Smoke it low and slow--250* --and you will have classic Carolina pork BBQ!!


----------



## mbeveridge

I just smoked 2 pork shoulders last Sun. Rub with salt and pepper only. Smoke at 250F until internal temp is at least 190F, usually 8 - 10 hours except during the winter when it can take longer. I used to smoke in an offset firebox barrel smoker using wood and/or charcoal. I liked lump charcoal but it burns faster and hotter than regular charcoal. Just don't use lighter fluid soaked charcoal. It imparts the taste to the meat. Last year my brother-in-law bought a Smokin' Tex electric smoker. After I finished laughing at this breach of purism, we tried it. Friends and neighbors I'm here to tell you that there is no difference. It's the rub and wood that makes the difference, not the heat source. I immediately sold my wood/charcoal smoker and bought an electric smoker. The beauty is that you load it up, set the temperature, insert an internal thermometer, close the door, and walk away!! I use wood pellets which work extremely well. I spray the meat with apple juice and a vinegar/V8 juice/red pepper flakes mixture several times during cooking. After several hours, I wrap the meat in foil to lock in the juices. Any PP which isn't eaten when cooked, is vacuum-sealed and put in the freezer. Freezing has no effect on the PP. Our friends actually ask for PP when we invite them over. Serve with your favorite BBQ sauce and cole slaw, either on the sandwhich or on the side.


----------



## Andy M.

Thanks for the review.  Are electric smokers "set it and forget it?" or do they require adjusting during the 8-10 hours of smoking?


----------



## mbeveridge

They really are "set it and forget it". I don't add wood during the process. I only open the door to spray the meat or when I wrap it in foil. I realize it's not the BBQ purist's way to smoke, but it's so simple and frees me up to do other things while smoking. I do miss the actual fire a little, but not when I think about the time I have for other things.


----------



## kitchenelf

The only difference I saw with my electric smoker versus NOT electric was my electric smoker produced no smoke ring  Do you find that true with your electric smoker?


----------



## jminion

If you add one charcoal briquet to the wood tray a long with the wood chunls or chips you can produce smokering.
Jim


----------



## Andy M.

I don't understand something.  If the electric smoker has wood chunks or chips in it to smoke the meat, and the internal temperature of the smoker was in the right temp range, i would expect the results to be the same as if you were usning firewood or charcoal.

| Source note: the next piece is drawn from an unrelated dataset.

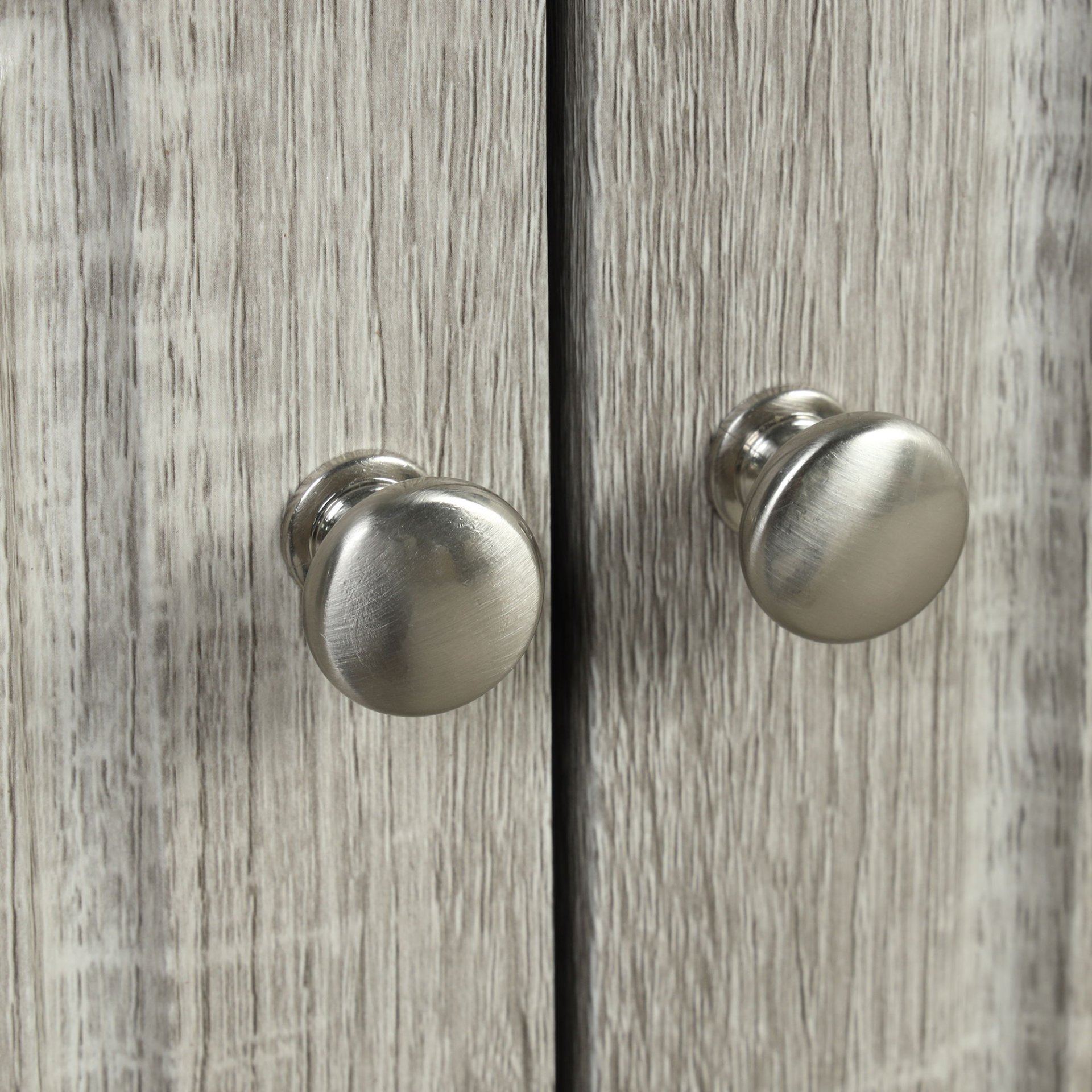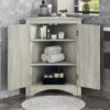Affordable Cabinet: This corner storage cabinet features adjustable shelves and brushed nickel knobs, providing both visual appeal and functionality.

If there is smoke, there should be a smoke ring.  Can anyone explain why ther wouldn't be one?


----------



## jminion

Nitrates and nitrites from the charcoal as it burns is needed to get the chemical reaction with the pigment in the meat to turn color.
Jim


----------



## Hungry

The "Rub" looks GREAT.
I prefer dry rubs t mopping liquids.

Why do you use:
2 tablespoons (30 ml) ground white pepper 
2 tablespoons (30 ml) ground black pepper 
1 tablespoon (15 ml) ground cayenne pepper 

I know different peppers have different flavors but wouldn't these three used tgether counteract one another?

TIA


----------



## Andy M.

jminion said:
			
		

> Nitrates and nitrites from the charcoal as it burns is needed to get the chemical reaction with the pigment in the meat to turn color.
> Jim


 

Thanks for the info.  The same chemicals must also be in wood, because you can get a smoke ring burning logs as well as with charcoal.

If that's the case, why don't you get the smoke ring from the chunks of wood you burn to get the smoke in the electric smoker?  If you can get it from one piece of charcoal, you should be able to get it from the smoking wood chinks.


----------



## Candocook

I didn't think it all sounded right either when Kitchenelf posted it a while back and took a look. Seems to be true--for some chemical reason which doesn't really make much difference to me personally.  ;o)


----------



## jminion

Andy 
I'm not chemist but I know from years of cooking on all kinds of cookers that an electric cooker needs the charcoal with the wood chips or chunks to produce smokering.


----------



## Andy M.

I'm certainly not a scientist.  I was just trying to reason it out in my own mind.  Bottom line, I consider the smoke flavor a lot more important than the smoke ring.

Thanks for your help.


----------



## Uncle Bob

When a smoke ring develops in bbq meats it is not because smoke has penetrated and colored the meat(muscle)...rather it is because gases in the smoke interact with the pigment myoglobin. This is supported by the fact first: it is possible to have a smoke ring develop in a product that has not been "smoked". secondly is also possible to heavily smoke a product without the developement of a smoke ring. Basically it is a chemical reaction between the smoke and the meat.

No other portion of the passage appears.